Sure, inflation has eaten away at consumer cash cushions, but as long as employment holds steady, it’s hard to imagine the coming slowdown as being near as bad as the 2008 Great Financial Crisis.

In recent weeks, investors are growing optimistic that the Fed won’t need to be as hawkish to reduce the impact of inflation. The 10-year Treasury yield is now comfortably below the 3% mark. While the Fed is hinting at potential rate cuts following hikes if needed, it’s tough to gauge where rates will ultimately settle.

If the bond market is correct and the Fed can combat inflation without hiking on the higher end of its dot plot, discretionary companies and growth could lead this rally.

Discretionary stocks like Starbucks have had ample time to cool off. As the tides turn and investors focus on the bull that follows this bear, Starbucks could surge nearly as fast as it crumbled.

Now, Starbucks has its fair share of idiosyncratic issues. However, it’s never a good idea to bet against Howard Schultz, especially when shares of his firm are trading at a discount to historical and industry averages.

At writing, shares of SBUX trade at 24.1 times trailing earnings, below the industry average just north of 31 times.

Starbucks: Intriguing Catalysts That Could Propel Shares amid Its “Reinvention”

It isn’t just an alleviation of macro headwinds that could allow Starbucks to sustain its recent run. Management is investing in itself, with its reinvention plan to help ease unionization efforts while bringing in greater store traffic. Investments in technologies (think mobile ordering and automation) may also provide a long-lived boon to margins while boosting customer loyalty.

Indeed, Howard Schultz is keen on investing to “reinvent” Starbucks for the new age. He’s done it before with great success, and he’s likely to pull it off again. As a part of the firm’s strategic pivot, which aims to improve retail partner relations and the overall customer experience, Starbucks could make its baristas, customers, and shareholders happy again.

Starbucks faces an uphill battle, as it looks to continue powering through macro headwinds. In any case, I think Schultz’s initiatives have laid down a runway for the stock to return to its highs.

Updates to the company’s mission will make anyone warm and fuzzy. However, it’s the technological initiatives that could provide the most room for productivity gains. In a prior piece, I outlined that automation was key for Starbucks to get around the labor shortage and unionization attempts.

Looking ahead, I don’t expect such high-tech efforts to experience a slow of pace. Just one month ago, Starbucks and Amazon (AMZN) launched their second “Just Walk Out” cashier-less store in New York City.

Amazon is arguably one of the most innovative firms in automation and robotics these days. As the Amazon-Starbucks partnership continues bearing fruit, it’s not hard to imagine more similar stores being rolled out nationwide. In 10 years, your local Starbucks store will likely look much different than it has in recent years.

China Headwinds Could Turn to Tailwinds

Finally, China remains a crucial pillar of growth that could strengthen as COVID-19 lockdowns continue to abate. Schultz sees the Chinese market surpassing the U.S. market one day. With a generational wealth transfer in China and a newfound love for premium beverages, I think he’s right on the money.

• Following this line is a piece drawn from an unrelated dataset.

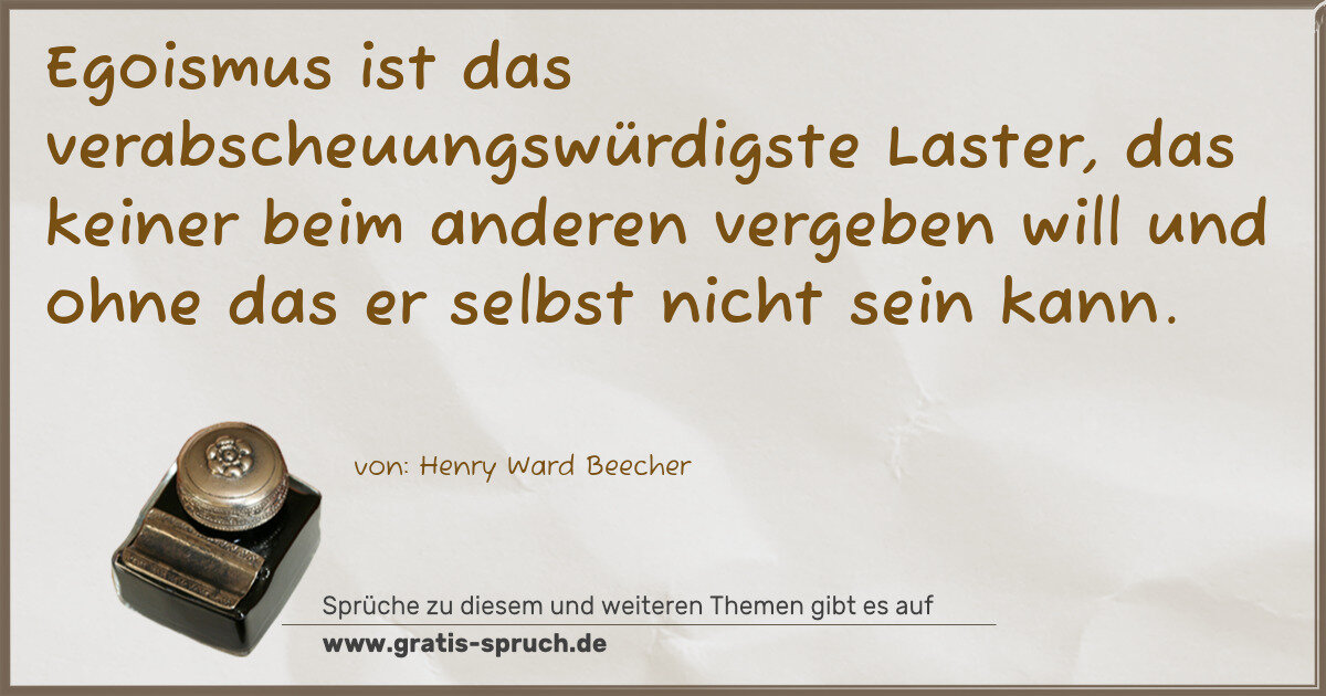 Egoismus ist das verabscheuungswürdigste Laster, das keiner beim anderen vergeben will und ohne das er selbst nicht sein kann.

In the first half, the Chinese market was weighed down by ongoing COVID-19 headwinds. Such headwinds should be considered a road bump for Starbucks rather than a long-lived setback. I don’t think it will take long before China shines brightly for Starbucks stock once again.

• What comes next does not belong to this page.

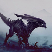 The image shows a fantasy creature that resembles a hybrid of a dinosaur and an alien, commonly known as the "Xenomorph." It's a fictional depiction with exaggerated features typical of fantasy artwork. The creature has sharp teeth and claws, and its skin is textured to give it a menacing appearance. The background suggests a desolate or otherworldly environment, possibly in a scene from a science fiction story or movie.

What is the Target Price for Starbucks?

Turning to Wall Street, SBUX has a Moderate Buy consensus rating based on seven Buys and 10 Holds assigned in the past three months. The average SBUX price target of $92.06 implies 8.4% upside potential. Analyst price targets range from a low of $84.00 per share to a high of $110.00 per share.

Takeaway – Shares Still Have Room to Run

Starbucks stock is picking up quite a bit of momentum, but it still has room to the upside, as Schultz pushes for positive change while macro headwinds look to fade. I think investors would be wise to give management the benefit of the doubt while shares look to turn a corner.